Gallons of ink have been consumed over the past year or so in press coverage of the financial crisis in higher education. In my 40-plus years as a faculty member and senior leader in public and private institutions, nothing has come close to the financial challenges we face. Even the highly inflationary times of the 1970s, in which university budgets failed to keep pace with rising costs, pale by comparison.
Small wonder, then, that seemingly without exception every institution, public and private, two-year and four-year, has intensified its efforts to expand the level of private giving and the numbers of supporters who contribute to the annual fund. Campaigns for larger sums of money proliferate, though timelines for completion extend out longer than is usually the case.
The numbers are astronomical. Billion-dollar campaigns abound. It seems that the more you have in your endowment the more you must seek to replenish and expand it. Or, if you are one of those universities where endowments are modest (the vast majority of us), then you dare not sit idly by and do nothing. “Campaign mode” has become like breathing; if you stop, you die.
Bewildered alumni and community supporters must wonder when enough is enough, or at least sufficient.
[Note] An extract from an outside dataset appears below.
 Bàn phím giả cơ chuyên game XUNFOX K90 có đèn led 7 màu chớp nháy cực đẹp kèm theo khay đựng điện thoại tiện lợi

And what’s to be made of those mega-endowments that have grown so large that the institutions that have accumulated them over decades, if not centuries, do not even need to spend 5 percent annually to support campus operations from financial aid to paying the light bill on new privately funded facilities?
Lest you think that this is yet another rant about the need to spread the wealth across a broader spectrum of colleges and universities, let me assure you that I am a big fan of the super endowments and all that they enable our stellar institutions to accomplish. I applaud those individuals and foundations that have generously contributed to this success, and I hope that there is more of it in the future. Without private philanthropy the whole enterprise would be in considerably worse shape than it is.
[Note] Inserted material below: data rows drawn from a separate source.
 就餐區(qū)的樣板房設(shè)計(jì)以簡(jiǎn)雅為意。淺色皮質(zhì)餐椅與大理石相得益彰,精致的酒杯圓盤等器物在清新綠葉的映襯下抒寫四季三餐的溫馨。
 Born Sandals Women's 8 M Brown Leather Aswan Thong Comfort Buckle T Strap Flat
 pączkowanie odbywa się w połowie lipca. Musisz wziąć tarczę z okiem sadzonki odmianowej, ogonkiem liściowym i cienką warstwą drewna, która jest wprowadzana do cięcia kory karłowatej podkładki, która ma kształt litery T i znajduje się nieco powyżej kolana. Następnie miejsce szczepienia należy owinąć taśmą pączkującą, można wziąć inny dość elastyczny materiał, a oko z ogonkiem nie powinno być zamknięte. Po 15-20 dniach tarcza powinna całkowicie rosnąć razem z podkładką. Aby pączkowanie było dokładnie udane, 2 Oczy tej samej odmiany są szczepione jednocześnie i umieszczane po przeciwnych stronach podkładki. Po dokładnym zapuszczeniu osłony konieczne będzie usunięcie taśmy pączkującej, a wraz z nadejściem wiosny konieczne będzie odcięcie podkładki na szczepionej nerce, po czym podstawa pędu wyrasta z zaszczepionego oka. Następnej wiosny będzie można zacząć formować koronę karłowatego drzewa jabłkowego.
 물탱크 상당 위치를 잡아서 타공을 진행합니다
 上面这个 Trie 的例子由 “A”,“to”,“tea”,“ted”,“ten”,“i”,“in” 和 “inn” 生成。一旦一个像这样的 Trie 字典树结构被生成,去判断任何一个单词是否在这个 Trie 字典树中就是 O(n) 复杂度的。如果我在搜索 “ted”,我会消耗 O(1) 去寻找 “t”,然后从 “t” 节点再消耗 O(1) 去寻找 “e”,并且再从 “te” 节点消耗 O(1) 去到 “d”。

Even so, one wonders if at least some of this generosity might have been better directed toward less well-endowed institutions. If you think I am arguing that this is so because they “need” it more than the richer ones do, again I plead innocence. I think a good case can be made for need-based philanthropy irrespective of the size of the endowment, the level of state support (even or perhaps especially in good times) or the specific purposes for which the dollars are sought. Colleges and universities are idea- and aspiration-driven places and if ever there is sufficient money to do all that is imagined, then that institution will surely be failing.
Rather, I am writing to suggest that some of this largesse might have had a broader and more encompassing impact had it been given with the explicit and primary purpose of attaining the biggest bang for the bucks.
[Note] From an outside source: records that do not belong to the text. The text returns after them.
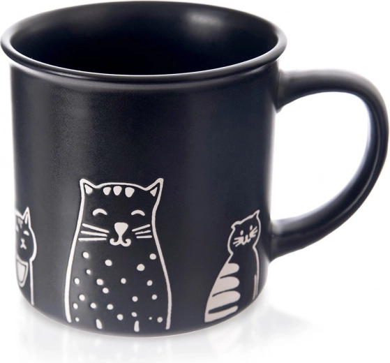 Štýlový keramický hrnček s objemom 500 ml v matnej čiernej farbe s hravými motívmi mačiek je ideálny na kávu, čaj aj kakao. Má pohodlné ucho, je vhodný do umývačky aj mikrovlnky a vďaka kvalitnej keramike vydrží každodenné používanie.
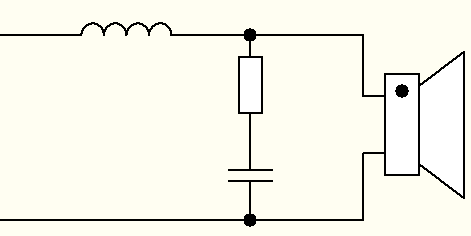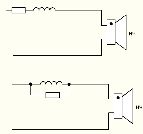 LR цепочка всегда параллельная и ставится последовательно с динамиком, это позволяет сгладить "ступеньку" которая часто бывает у ШП динамиков.
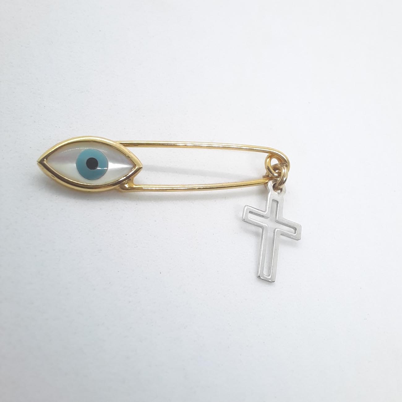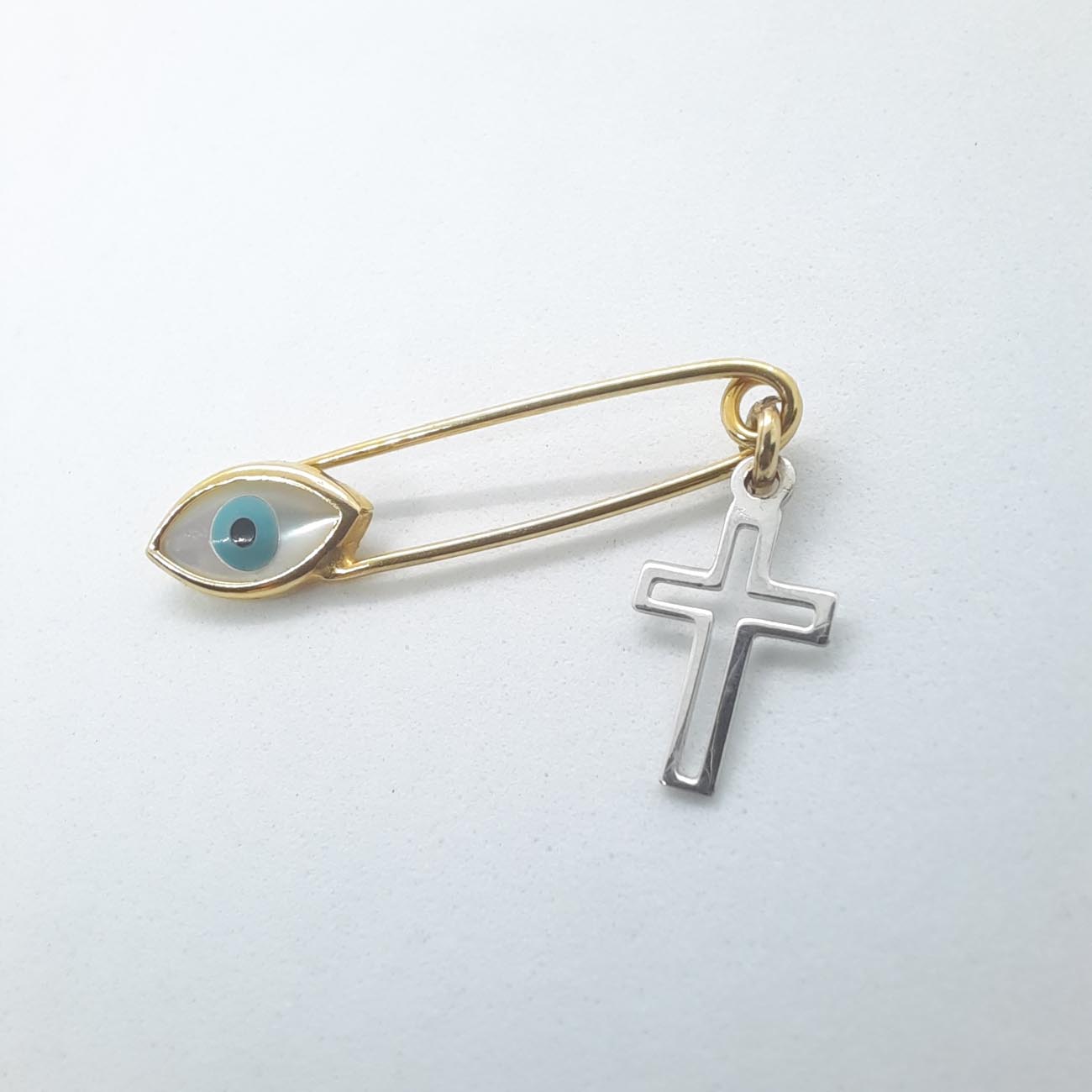 Όμορφο χρυσό ματόχαντρο 14 καράτια, περασμένο σε χρυσή παραμάνα, στην οποία υπάρχει σταυρουδάκι λευκόχρυσο, ένα ιδανικό δώρο για μπέμπη και μπέμπα, για ευλογία και προστασία! ΒΑΡΟΣ: 1 gr

I am not referring to those outsized eight- and nine-figure gifts that occasionally come along. These are so large that they are by definition transformational.
Nor am I speaking of the generous support by alumni and friends who give a few hundred to a few thousand dollars annually. These are the bedrock support for all of us, even those whose endowments are above $500 million, which is my personal threshold for the super-rich institutions.
Instead, I am referring to those six- and seven-figure gifts that come along largely though not exclusively in campaign times, where the notion of return on investment should play the primary role in the final decision.
Now I am certain that gifts of several hundred thousand up to a few million dollars always make an impact in every institution. Generous donors are to be applauded for keeping the numbers of those contributions at the center of university advancement efforts. Without them the overall success of campaigns of any size could not be attained.
But occasionally, perhaps a handful of these supporters who have real choices about whom to support (his alma mater or hers, the local college where your business prospers or the distant one where you got your degree decades ago, for instance) could ask the following question: Where would a gift of this size not just make a difference, large as that may be, but transform the institution or a piece of it into something that it currently only aspires to accomplish?
Once it has been determined that both institutions need the support and that both will be good stewards of the gift, it’s a matter of making your investment in the same way that you would make an investment in your business. Seeking the greatest return on that investment is a nice tiebreaker that will enable you as the donor to make the largest and most enduring impact.
Isn’t that what it’s all about, really?
Dr. Charles R. Middleton is the president of Roosevelt University in Chicago.